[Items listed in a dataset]
--

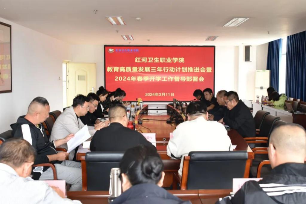 2024年3月11日下午,红河卫生职业学院教育高质量发展三年行动计划推进会暨2024年春季开学工作督导部署会在校务管理中心第一会议室召开。党委书记王必成,党委副书记、院长唐飚,学校高质量发展三年行动计划工作专班成员和相关部门领导参加会议。
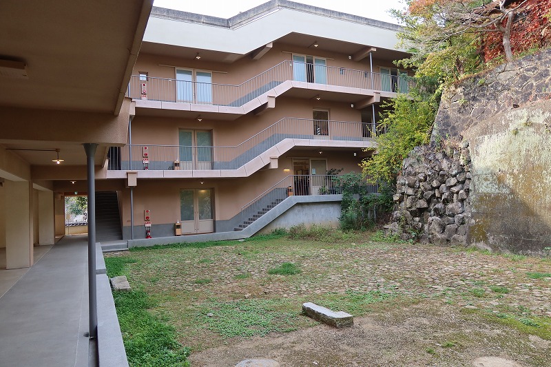 中近世の寺社の周辺に近現代に建てられた住宅が入り交じり、その間を細い路地と坂、階段が複雑に交差する山手側に現LOG、かつて新道アパートと呼ばれた建物が誕生したのは1963(昭和38)年のこと。山手側では珍しい鉄筋コンクリート造、3階建て、40m2の部屋が24室という、今からするとごく普通の、だが当時としてはとてもモダンで、新婚カップルには憧れのアパートだったという。
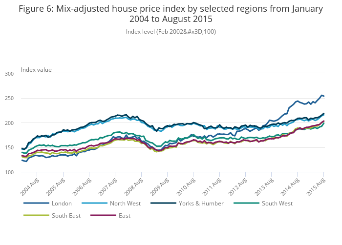 Download this chart Figure 6: Mix-adjusted house price index by selected regions from January 2004 to August 2015
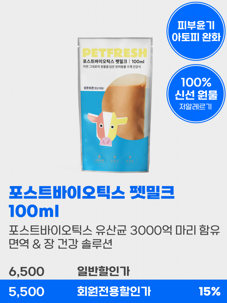 진-한 원유에 포스트바이오틱스가 가~득 담긴 펫밀크,를 만나보세요.
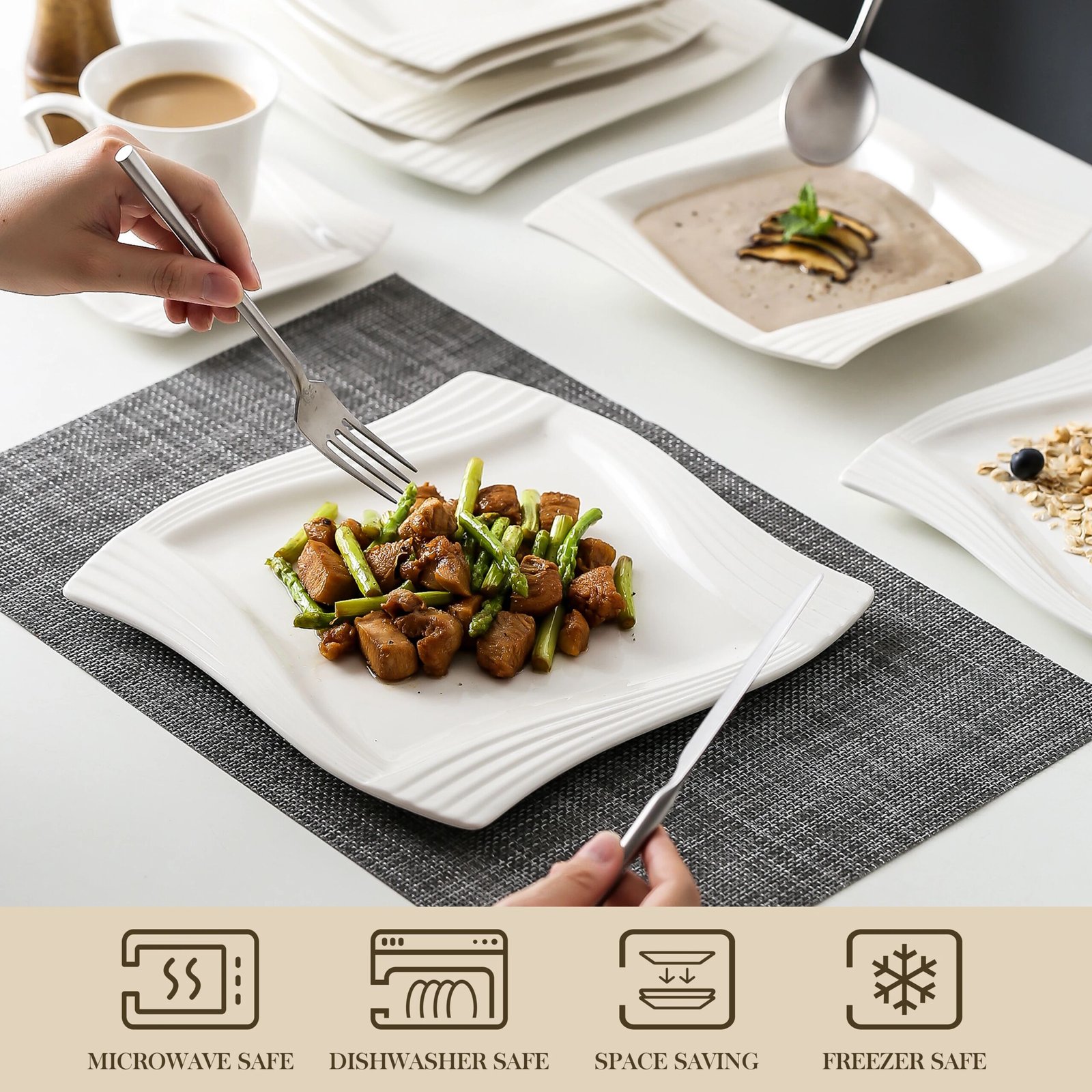 ● Hochwertige Materialien und Sicherheit: MALACASA-Geschirrsets bestehen aus elfenbeinweißem Porzellan, das FDA-zertifiziert, bleifrei und cadmiumfrei ist und sich perfekt für den täglichen Gebrauch eignet. Die klassische quadratische Form verleiht Ihrem Esstisch eine elegante und stilvolle Note.

--

## YOUR TASK
From the first line to the last, output the records exactly without pictures.

## RESPONSE BOX
 2024年3月11日下午,红河卫生职业学院教育高质量发展三年行动计划推进会暨2024年春季开学工作督导部署会在校务管理中心第一会议室召开。党委书记王必成,党委副书记、院长唐飚,学校高质量发展三年行动计划工作专班成员和相关部门领导参加会议。
 中近世の寺社の周辺に近現代に建てられた住宅が入り交じり、その間を細い路地と坂、階段が複雑に交差する山手側に現LOG、かつて新道アパートと呼ばれた建物が誕生したのは1963(昭和38)年のこと。山手側では珍しい鉄筋コンクリート造、3階建て、40m2の部屋が24室という、今からするとごく普通の、だが当時としてはとてもモダンで、新婚カップルには憧れのアパートだったという。
 Download this chart Figure 6: Mix-adjusted house price index by selected regions from January 2004 to August 2015
 진-한 원유에 포스트바이오틱스가 가~득 담긴 펫밀크,를 만나보세요.
 ● Hochwertige Materialien und Sicherheit: MALACASA-Geschirrsets bestehen aus elfenbeinweißem Porzellan, das FDA-zertifiziert, bleifrei und cadmiumfrei ist und sich perfekt für den täglichen Gebrauch eignet. Die klassische quadratische Form verleiht Ihrem Esstisch eine elegante und stilvolle Note.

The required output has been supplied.